The Constitutionality of DNA Sampling on Arrest: An Interim Report to the Legal Issues Working Group of the National Commission on the Future of DNA Evidence
35 Pages Posted: 4 May 2012
Date Written: January 22, 2000
Abstract
The Department of Justice created the National Commission on the Future of DNA Evidence to study the many issues surrounding the use of DNA evidence in the criminal justice system. Attorney General Janet Reno specifically asked the Commission for advice on collecting DNA on arrest. Prepared by the Reporter of the Commission's Legal Issues Working Group, this report discusses the constitutionality of taking, analyzing, and storing DNA samples from individuals who are arrested but not convicted at the time of the sampling.
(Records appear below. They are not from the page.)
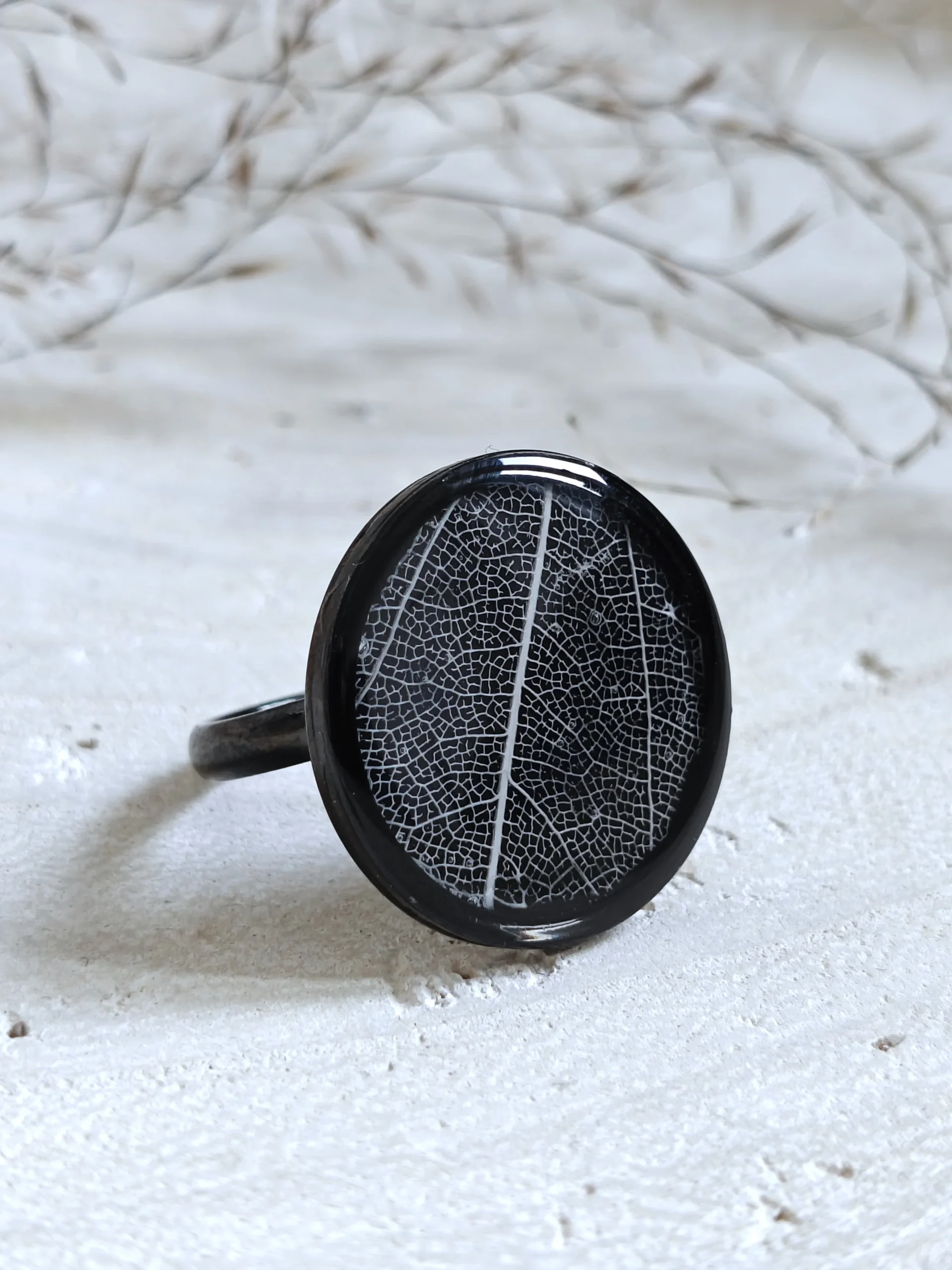 Regulowany czarny pierścionek ze strukturą liścia magnolii, z oczkiem o średnicy 20mm. Dostępna jest tylko 1 sztuka, jednak nie jest ona samotna – z tej kolekcji dostępne od ręki mamy również bransoletkę, spinki do mankietów, kolczyki sztyfty, kolczyki wiszące, naszyjnik z minerałami i naszyjnik na łańcuszku.
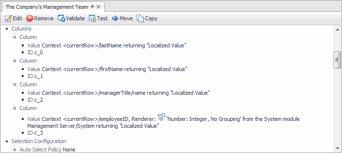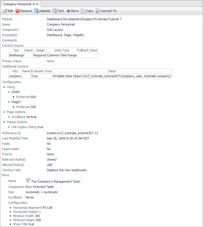 In most designs, the table appears in a grid that holds the table along with other related views. We place the table in such a grid to complete the tutorial. Creating a dashboard is not covered in previous tutorials, so all that needs explaining here is the context entry. A structure is needed to hold the list of managers. By creating an instance of a company object in the dashboard, we also create a manager array that is initially null. Nonetheless, we can get a reference to it and create an empty list of managers the first time the Add Manager function is called. After that, manager entries can populate the list.
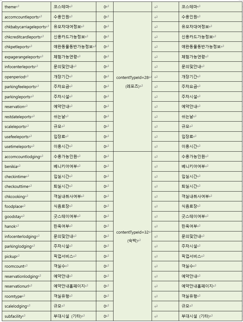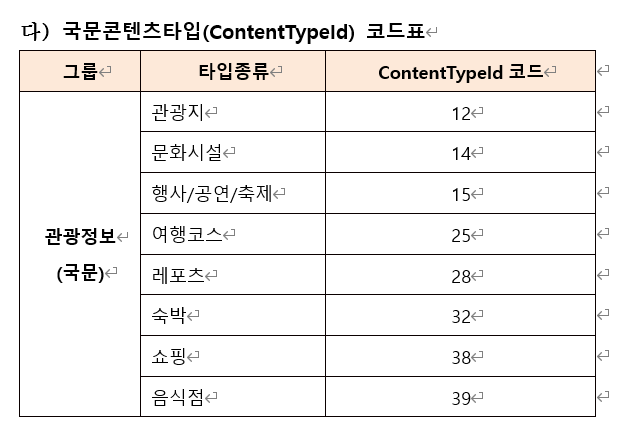관광지, 숙박 등 콘텐츠 유형(contentTypeId)
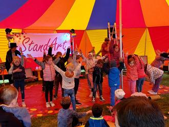 Das Highlight war die “StandArt Show” um 13 Uhr: Mit Comedy, Jonglage und viel Interaktion begeisterten die Künstler das Publikum – nicht nur die Kinder, sondern auch deren Eltern. Den krönenden Abschluss bildete die große Abschlussshow um 16 Uhr, bei der die Kinder stolz ihre am Tag erlernten Zirkuskünste präsentierten. Es war schön zu sehen, wie die Kinder spielerisch mit Unterstützung der Eltern ihre artistischen Fähigkeiten entdecken und ausbauen konnten. Die Begeisterung in den Augen der Kinder tröstete darüber hinweg, dass das Wetter nicht ganz mitspielte und die Temperaturen sehr kühl blieben.
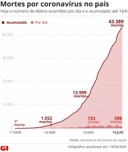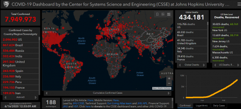 O número de mortos causados pelo novo coronavírus (COVID-19) subiu para 434.181 hoje, de 422.760 até sexta-feira, com 7.949.973 casos confirmados em 188 países e territórios. Desde sexta-feira são quase 400.000 novos casos confirmados em todo o mundo. O número de recuperados da pneumonia causada pelo vírus chegou a 3.799.143 hoje, de 3.576.097 até sexta-feira.
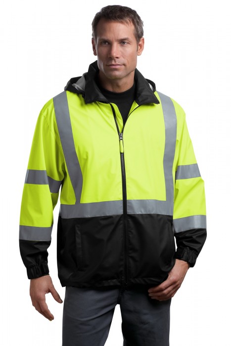 Stay safer in inclement weather in this high-visibility long windbreaker. It comes with snap off hood and draw cord hem with toggle adjustability, two welt pockets and internal storm flap. This product complies with Class 3 Level 2 requirements of ANSI/ISEA 107-2010.

It discusses the reasonableness and warrant clauses of the Fourth Amendment, the self-incrimination clause of the Fifth Amendment, and the due process clause of the Fourteenth Amendment. It concludes that these protections probably do not foreclose a carefully constructed system for compelling individuals subject to custodial arrest to supply samples of their DNA. The report was presented to the Commission in 1999, which recommended against widespread adoption of the practice while states were facing large backlogs in processing convicted-offender and crime-scene samples but that the matter be reconsidered in five years.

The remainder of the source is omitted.